Railway and monorail station in Suita, Osaka Prefecture, Japan

Yamada Station (山田駅, Yamada-eki) is a train station on the Hankyu Senri Line and Osaka Monorail located in Suita, Osaka, Japan.

==Lines==
- Hankyu Senri Line (Station Number: HK94)
- Osaka Monorail Main Line (Station Number: 16)

==Layout==
The Hankyu and Osaka Monorail stations are 200 meters away.

===Hankyu Senri Line===
There are two side platforms and two tracks on the ground level. Each platform has its own ticket gate.

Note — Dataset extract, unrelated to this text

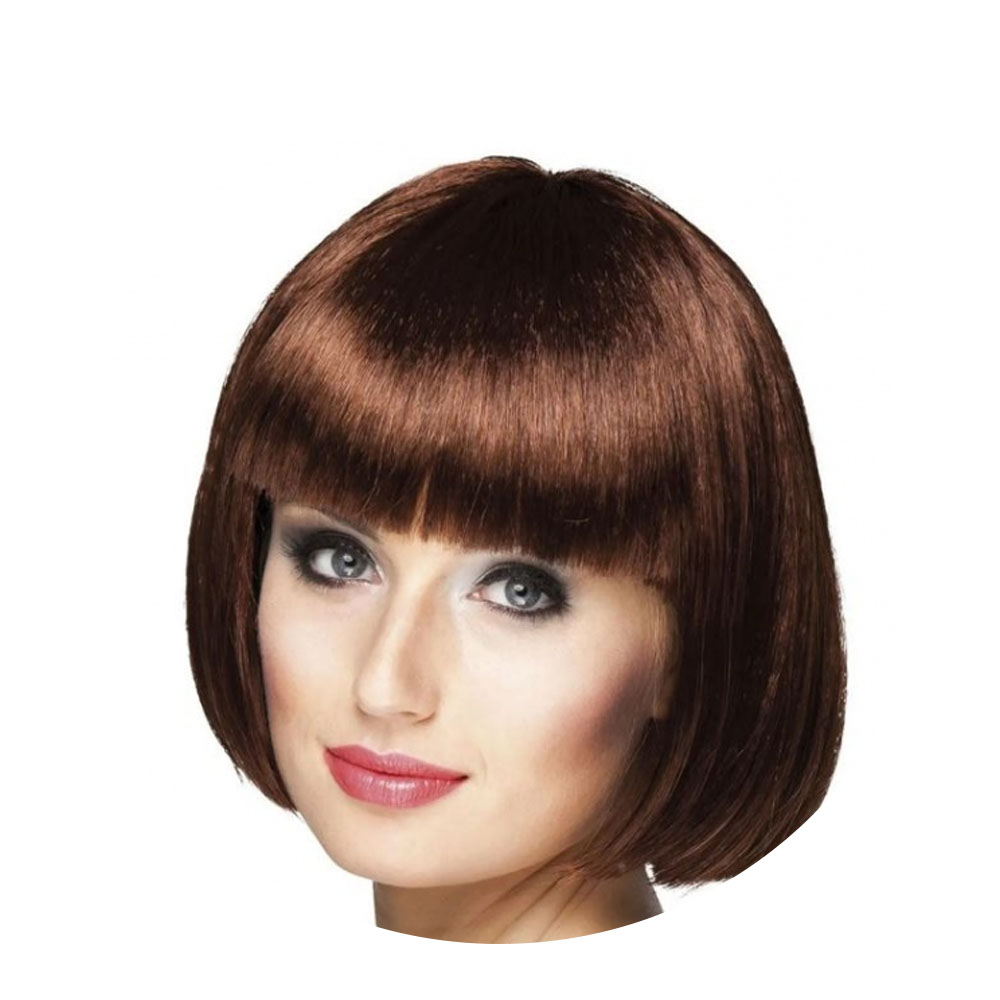Peruca Chanel com Franja Castanho Marrom Fantasia

| west side | ■ Senri Line (northbound) | to Kita-Senri |
| east side | ■ Senri Line (southbound) | for Umeda, Tenjimbashisuji Rokuchome, Tengachaya, Kyoto, Kobe and Takarazuka |

===Osaka Monorail Main Line===
There are an island platform and two tracks elevated on the third floor. The ticket gate is on the second floor.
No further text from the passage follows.